Overall, limits are still in development. As new releases of Unicos/mp, PBS, and psched are made available, the definitions and enforcement mechanisms are updated. This moving target requires re-reviewing configurations with each system and PBS upgrade. Since this is still a developing system, this is acceptable as long as it is taken into account.

Resource Management

The ARSC X1 is never oversubscribed (as long as the workload management configuration is working), nor do we use PRIME scheduling (at this time), nor do we gang schedule the resources, or time share them. Given these conditions, it is possible to function as if PBS has a complete and correct view of the available resources (primarily the number of available PEs). This simplification makes resource management easier, but because psched is the true execution scheduler and places the jobs on the nodes (making it the final arbiter of which resources are scheduled and which are not), PBS will not be 100% accurate at all times. Also because PBS only periodically surveys the system (every two minutes by default) its enforcement has a granularity that needs to be adjusted based on individual site workload mixes (long running jobs could have a longer polling period, short running jobs might need a shorter polling period).

PBS Queue Configuration

Here at ARSC, configuring PBS focuses on configuring the queues. Like the interactive limits, the queues are configured to limit the number of processing elements (PEs), MSPs or SSPs (referred to in PBS terms as mppe and mppssp) a job can use, and the length of walltime for which it can execute. A pipe queue is used to direct jobs into the execution queues based upon these two resources.

As mentioned previously, the "server resources_available.mppe" global setting is set to 120 (124 application MSPs - 4) to ensure that 4 MSPs are always available for interactive work. This allows users to continue debugging or executing small post-processing interactive jobs, even when multiple large jobs are running, thus providing better throughput for both types of jobs. For a while, we also had "server resources_available.mppssp" set to 480, but we discovered that this allows the system to be oversubscribed with SSP jobs. The explanation for why is later, but the solution is to unset "resources_available.mppssp".

Each queue has a resources_max.mppe and resources_max.walltime set to some value depending on the size of jobs expected to be run through that queue. Each queue also has resources_max.mppssp set to 0. All three are enforced by PBS as it periodically scans the executing jobs. The PBS directives in the job submission file determines the queue chosen. However, a job may try to use more PEs on the aprun or mpirun command. When PBS detects a job using more PEs then it was allocated, it will terminate the job. Currently our queues execute both types of job from the same queue.

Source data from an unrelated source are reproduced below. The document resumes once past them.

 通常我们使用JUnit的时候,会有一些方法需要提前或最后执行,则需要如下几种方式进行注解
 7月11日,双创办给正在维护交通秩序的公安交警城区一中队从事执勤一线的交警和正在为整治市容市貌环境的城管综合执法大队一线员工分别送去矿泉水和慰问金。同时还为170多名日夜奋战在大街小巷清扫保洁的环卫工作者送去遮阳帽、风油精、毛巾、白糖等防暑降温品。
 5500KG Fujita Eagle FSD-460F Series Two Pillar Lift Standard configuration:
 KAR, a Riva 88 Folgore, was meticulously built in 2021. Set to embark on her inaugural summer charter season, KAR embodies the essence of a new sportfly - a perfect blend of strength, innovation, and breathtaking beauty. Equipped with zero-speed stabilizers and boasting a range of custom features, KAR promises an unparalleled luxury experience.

An interesting effect occurs when trying to configure a queue for both MSP and SSP jobs. Suppose a user wants to run a single MSP job. Initially, our single queue contained the following configuration settings:

set queue single resources_max.mppe = 1
set queue single resources_max.mppssp = 4
set queue single resources_max.walltime = 96:00:00
set queue single resources_default.mppe = 1
set queue single resources_default.mppssp = 4

Our assumption was that the MSP and SSP maximums and defaults would be applied to the appropriate type of job. That was incorrect. Instead, the SSP settings are assigned a value based on the following formula: mppssp + (4 * mppe) So when a user executed a job, if they did not include mppe directives, they would be allocated 8 SSPs (or 2 MSPs), 4 SSPs + 4*1 MSPs, rather than a single MSP. If the users did include a directive, they would still be allocated more PEs than desired. This excess allocation is caused by setting the resources_default.mppe and mppssp. To resolve it, both are now set to 0. As a side effect, the user is required to include directives specifying the PE resource(s) required to execute the job.

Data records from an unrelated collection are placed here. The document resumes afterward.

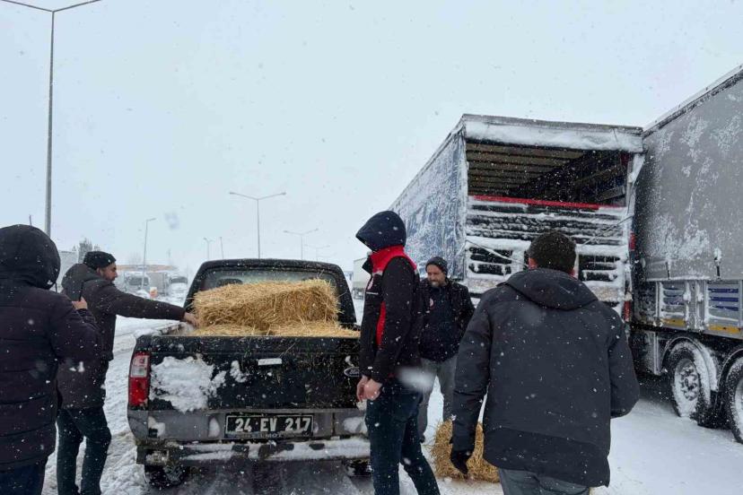Erzincan’da etkili olan yoğun kar yağışı nedeniyle yolda mahsur kalan 200 büyükbaş hayvana Tarım ve Orman İl Müdürlüğü ekiplerince yem takviyesi yapıldı.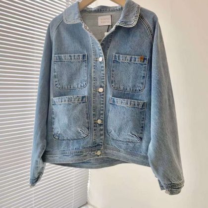 سترة من قماش الدنيم فضفاضة متعددة الجيوب بياقة دمية عتيقة من شركة vo * avaca الكورية
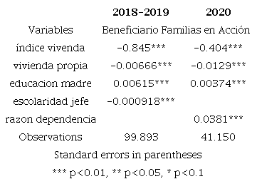 En el caso de Familias en Acción, en la Tabla 3 se observa que contar con mejo res condiciones según el índice de vivienda reduce las probabilidades de participar en el programa. Del mismo modo, tener una vivienda propia y un nivel educativo más alto por parte del jefe de hogar también disminuye las probabilidades de per tenecer al programa. Por otro lado, la educación de la madre y una alta razón de dependencia aumentan las probabilidades de ser seleccionado para participar en el programa.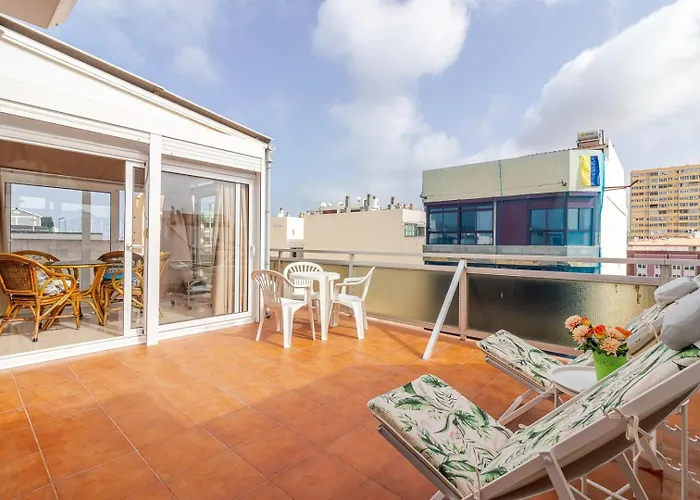 Tijdens een verblijf in Bonamar Appartement Las Palmas van 50 m² kunnen gasten zich ontspannen op een terras op circa 5-minuten loopafstand van het Elder Museum van Wetenschap en Technologie.

Next we discovered that an SSP job executed through the single queue could use 8 SSPs instead of only 4. The resources_max.mppssp is set according to the formula specified above. The condition was much more visible when SSP jobs, which should have been quantified as large, were running out of the medium queue. The solution, also based on the above formula, is to set resources_max.mppssp to 0 in every queue.

Lastly, as the system finally loaded up, we discovered that it could be oversubscribed with SSP jobs. It turns out that the SSP formula also applies to the global server limits, resources_available.mppssp. When the system is full of work, and more SSP jobs are submitted, the single interactive node was not left untouched by PBS. The solution was to unset resources_available.mppssp thus defaulting that setting to 4 times the resources_available.mpp setting.

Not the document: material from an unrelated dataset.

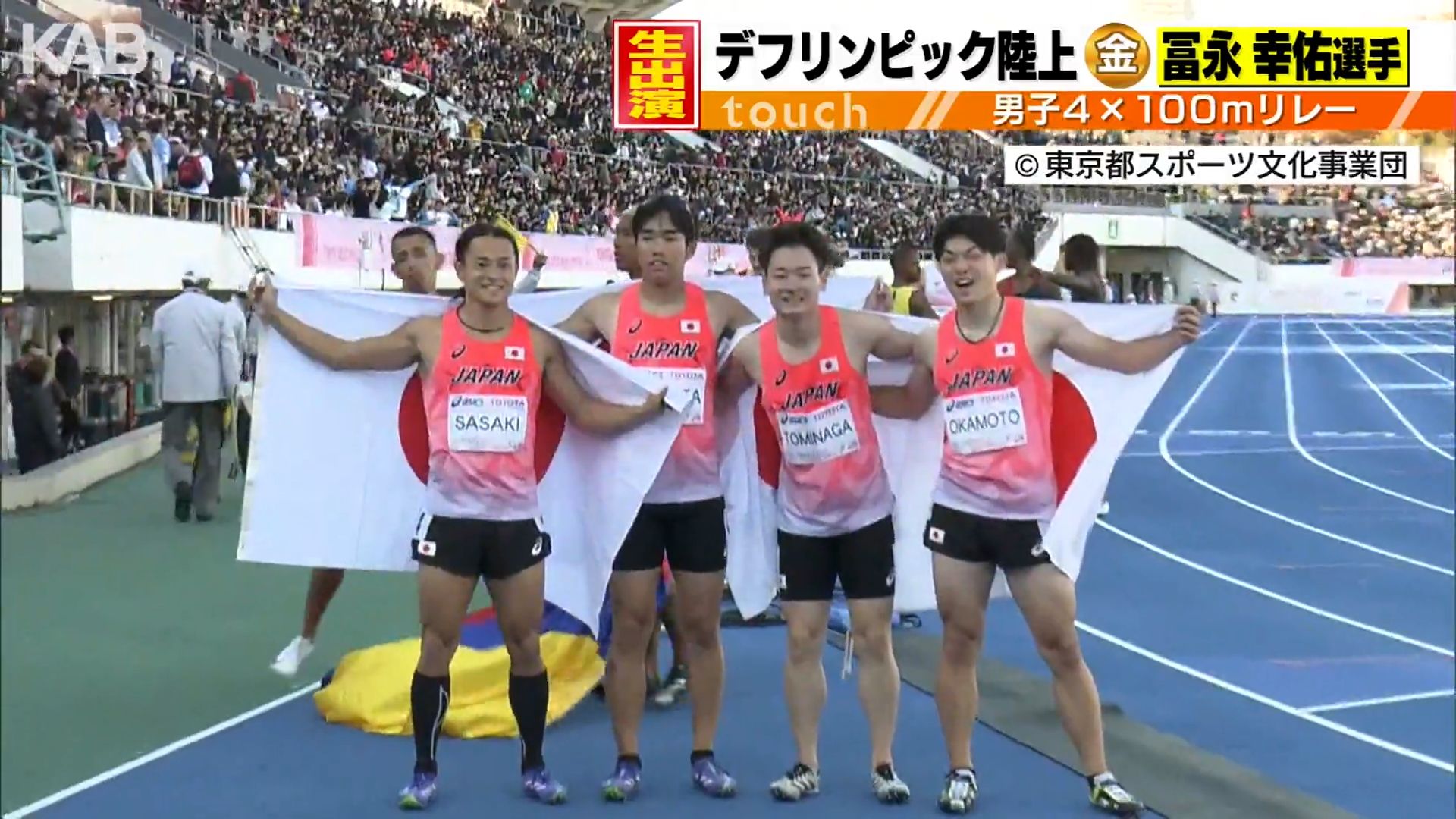 26日に閉幕した聴覚に障がいがあるアスリートが参加する東京2025デフリンピック。陸上男子4×100mリレーで金メダルを獲得した熊本学園大学4年の冨永幸佑選手がKABの番組に出演し、喜びを語りました。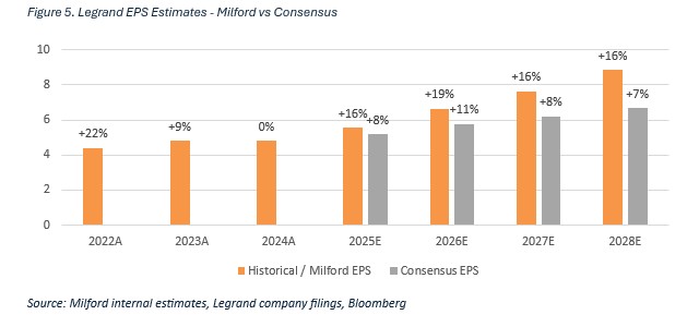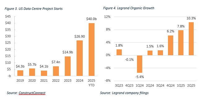 Milford initiated a position in Legrand in late 2024. We believed that the growth rate of Legrand’s data centre business was poised to accelerate and was being underappreciated by the market. While not central to the thesis, Legrand also offers cyclical upside from any improvement in European and US construction markets, with volumes at a trough below 2019 levels.

In both the global and queue configurations, the mppssp settings are now calculated from the mppe settings. However, there is no official documentation on this interaction, which lead to lots of trial and error as well as support from Cray.

After discovering the magic of the SSP formula, the single queue is now configured as follows:

set queue single resources_max.mppe = 1
set queue single resources_max.mppssp = 0
set queue single resources_max.walltime = 96:00:00
set queue single resources_default.mppe = 0
set queue single resources_default.mppssp = 0

User jobs must have one of the following PBS directives to be submitted to the single queue:

#PBS -l mppe=1
OR
#PBS -l mppssp=4 #or less

PBS Fairshare

In an attempt to make access to the resources more fair by manipulating the queue ordering, fairshare has been enabled. Our desire is to not allow a single user to "hog" the system for days by loading in many jobs at once, but at the same time not have to restrict the number of jobs a user may have in the queue(s) at one time. This desire is based upon years of manually managing the T3E by hand to reorder the queues in attempts to more politically schedule the system and better manage system throughput.

Fairshare decisions can be very complicated and may produce unanticipated results. Rather than try to build a hierarchical structure that encompassed all the projects and users, we allocated 100 shares to the unknown group. Since no users are defined, all users are in the unknown group and received an equal percentage of the entire group's shares.

By lumping all the users into the group unknown, a flat structure is created that requires no intervention to maintain. These are strong positives from an administrative point of view. The usage is measured based on walltime accumulated so that a user who has not been executing jobs will have priority over a user who has been, since both have the same share value. Thus when the queue is evaluated to choose the next job for dispatch, the user who has not been running will be chosen.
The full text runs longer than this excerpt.